DAVAO CITY—Acting Mayor Sebastian “Baste” Duterte recently received four 40-footer refrigerated containers from the National Food Authority and Food Terminal Inc. (FTI) for the Davao City Food Terminal Complex (DFTC).
Duterte and City Agriculturist Leo Brian Leuterio received the storage facilities from NFA Administrator Atty. Judy Carol L. Dansal, FTI President Robert S. Tan, and NFA XI Manager Dianne A. Silva.
The city information office said the cold storage facility is a component of the Regional Food Terminal Program of the NFA and FTI to serve as as a post-harvest facility and storage “if there is an oversupply of fruits and vegetables during harvest seasons.”
Each facility costs P17 million.
The donation came as the city is in the final stages of crafting the Implementing Rules and Regulations (IRR) for the operation of the DFTC.
Leuterio said the IRR may be completed in April. His office has been coordinating with other offices and agencies which form the technical working group. The IRR was also regularly referred to the City Legal Office to ensure that it was aligned with the other laws.

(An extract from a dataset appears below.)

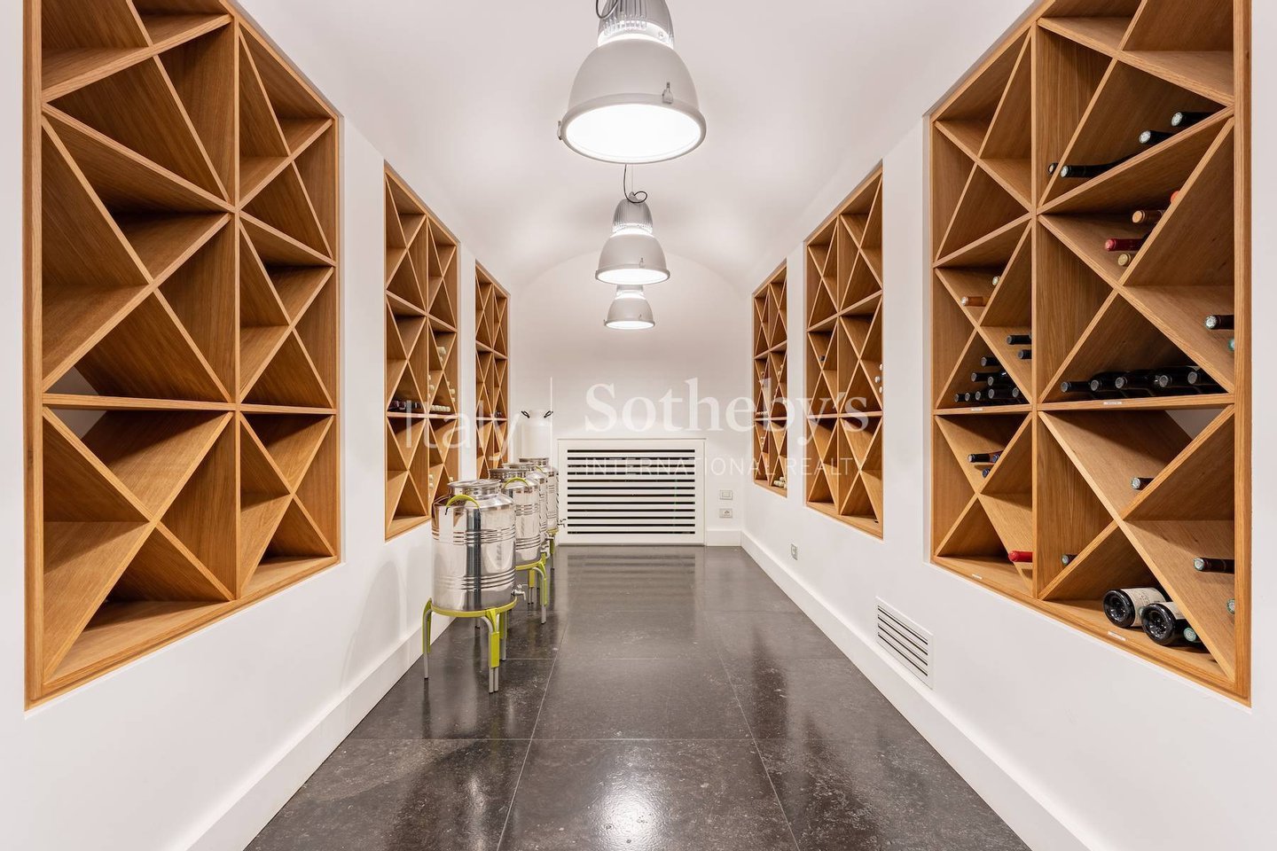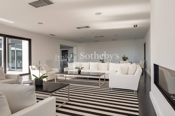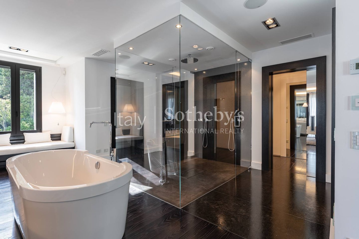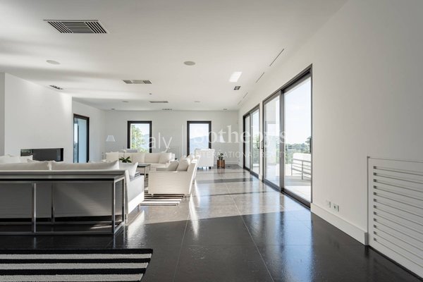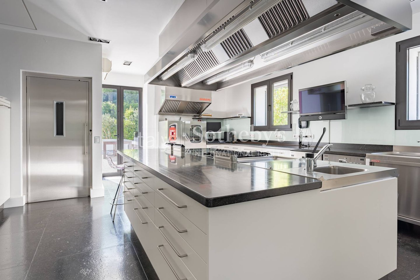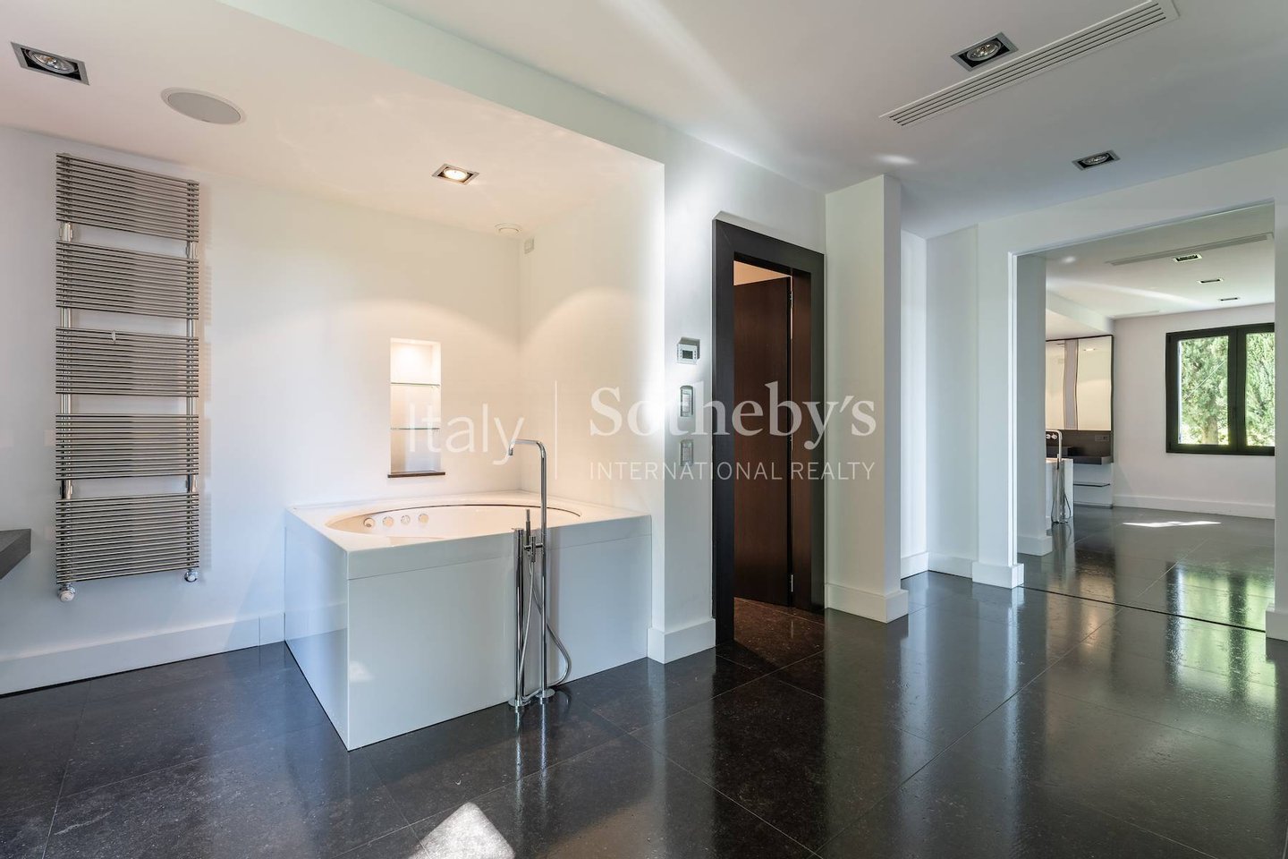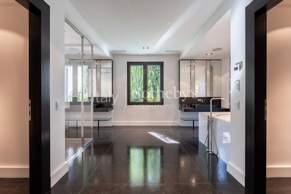 Große und helle Zimmer mit hochwertigen Materialien und tadellosem Stil, das Ergebnis einer raffinierten Innenarchitekturarbeit. Die Villa besteht aus drei großen Sälen, von denen sich zwei symmetrisch zu den beiden Seiten der Haupthalle des majestätischen Eingangs öffnen; drei großzügige Doppelzimmer mit en-suite Badezimmern sowie eine Master-Suite mit eigenem Arbeitszimmer, großem Badezimmer und 2 Schränken; eine große professionelle Küche, private Lounges, ein Hallenbad, ein Fitness- und Entspannungsbereich, ein Weinkeller und zwei interne Aufzüge. Die Tiefgaragen erstrecken sich über 300 Quadratmeter und bieten Platz für 8 Autos und ein gepanzertes Gewölbe. Es gibt auch einen Grillplatz an der Küche auf einer separaten Terrasse mit Essbereich im Freien, verschiedene Solarien und luxuriöse Gästebäder sowie einen Wasch- und Bügelraum im Erdgeschoss.

The food terminal structure has been long completed, he added.
The City Cooperative Development Office (CCDO), meantime, has rolled out another round of “Coop Serbisyo Caravan” to boost the organizational viability and business sustainability of the micro and small cooperatives.
The caravan runs from April 4 to April 29 and by district schedule. It started in Calinan District on April 4, in Toril District on April 8 and in Marilog District on April 12. After the Holy Week, the caravan would be in Talomo District on April 19, in Buhangin District on April 20, in Tugbok District on April 21-22, in the Poblacion area on April 25 and in Paquibato District on April 29.
Luzminda C. Eblamo, CCDO officer in charge, said the caravan will clarify issues and concerns among cooperatives, mainly on organizational matters and continuity programs. This would comprise what the office describes as “part of the social recovery efforts of the city government to help micro and small cooperatives.”
“We have 756 cooperatives in Davao City as of 2020. Of the 756, only 400 are, what we call, operating coops. So the number is quite big.
There are more than 300 coops for dissolution. These are those who are non-compliant. And these are the cooperatives that we are trying to help,” Eblamo said.
“Statistics would tell us that for the past three years that we conducted this Serbisyo Caravan, we increased the number of the compliant cooperative. This is why we make sure that we do it every first quarter of the year,” she added.
She said the Coop Serbisyo Caravan is a form of one-stop shop for these cooperatives.
“If our cooperatives want to go to the Department of Agriculture to ask for programs that they can avail, they can go to the desk of City Agriculturist Office, it is only an example,” she said, adding that her office, as an accredited training provider by CDA, can help provide trainings for the cooperatives.